WHAT TO PRODUCE:
Pictures in the data should be dropped; transcribe exactly the lines from the one that has "The thickness of the diffusion layer under" through the one that has "六年的岁月,中国男篮再次踏上".

RECORDS FOR THIS TASK:
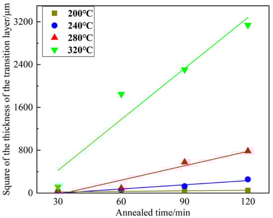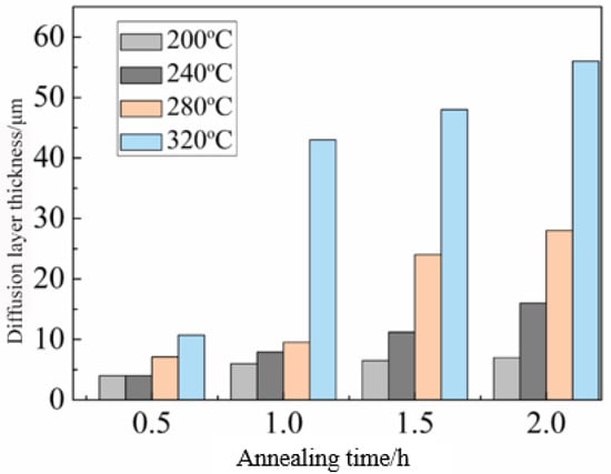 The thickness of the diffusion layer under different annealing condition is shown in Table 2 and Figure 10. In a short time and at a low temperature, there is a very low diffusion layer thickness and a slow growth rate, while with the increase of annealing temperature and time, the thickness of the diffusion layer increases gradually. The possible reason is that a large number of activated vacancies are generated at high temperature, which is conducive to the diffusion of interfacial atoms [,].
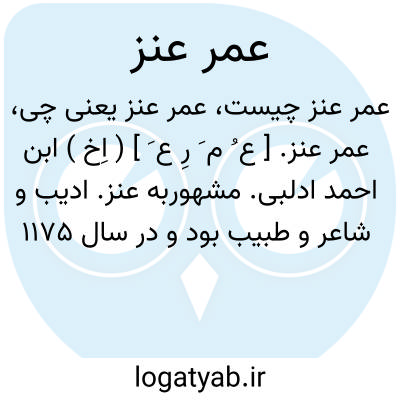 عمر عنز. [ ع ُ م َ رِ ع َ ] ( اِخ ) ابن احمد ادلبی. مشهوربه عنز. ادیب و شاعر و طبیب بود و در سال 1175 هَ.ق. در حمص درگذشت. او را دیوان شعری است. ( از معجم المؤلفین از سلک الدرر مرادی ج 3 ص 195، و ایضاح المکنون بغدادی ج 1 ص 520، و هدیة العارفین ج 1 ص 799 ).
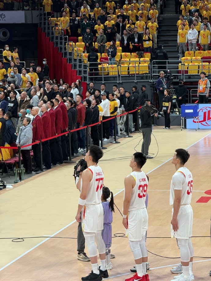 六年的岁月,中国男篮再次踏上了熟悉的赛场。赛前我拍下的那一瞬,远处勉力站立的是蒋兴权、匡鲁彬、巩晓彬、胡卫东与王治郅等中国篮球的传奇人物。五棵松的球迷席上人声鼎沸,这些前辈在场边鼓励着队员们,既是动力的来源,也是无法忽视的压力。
---
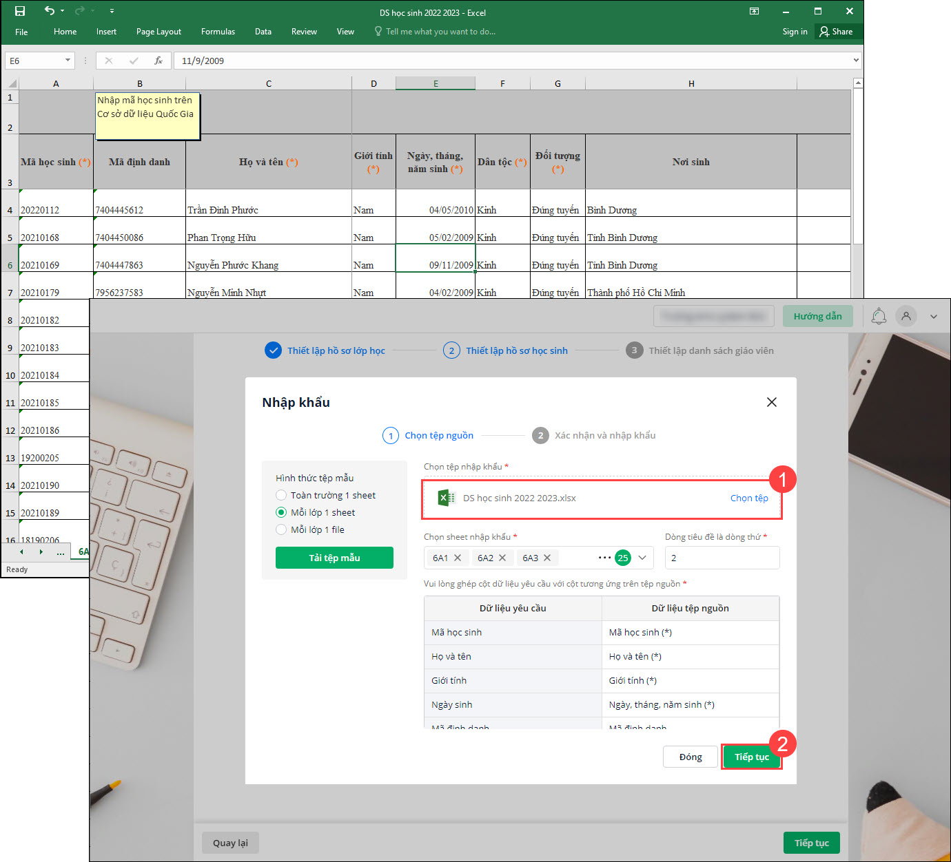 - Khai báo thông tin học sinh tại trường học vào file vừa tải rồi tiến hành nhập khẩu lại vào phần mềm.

COMPLETED EXERCISE:
 The thickness of the diffusion layer under different annealing condition is shown in Table 2 and Figure 10. In a short time and at a low temperature, there is a very low diffusion layer thickness and a slow growth rate, while with the increase of annealing temperature and time, the thickness of the diffusion layer increases gradually. The possible reason is that a large number of activated vacancies are generated at high temperature, which is conducive to the diffusion of interfacial atoms [,].
 عمر عنز. [ ع ُ م َ رِ ع َ ] ( اِخ ) ابن احمد ادلبی. مشهوربه عنز. ادیب و شاعر و طبیب بود و در سال 1175 هَ.ق. در حمص درگذشت. او را دیوان شعری است. ( از معجم المؤلفین از سلک الدرر مرادی ج 3 ص 195، و ایضاح المکنون بغدادی ج 1 ص 520، و هدیة العارفین ج 1 ص 799 ).
 六年的岁月,中国男篮再次踏上了熟悉的赛场。赛前我拍下的那一瞬,远处勉力站立的是蒋兴权、匡鲁彬、巩晓彬、胡卫东与王治郅等中国篮球的传奇人物。五棵松的球迷席上人声鼎沸,这些前辈在场边鼓励着队员们,既是动力的来源,也是无法忽视的压力。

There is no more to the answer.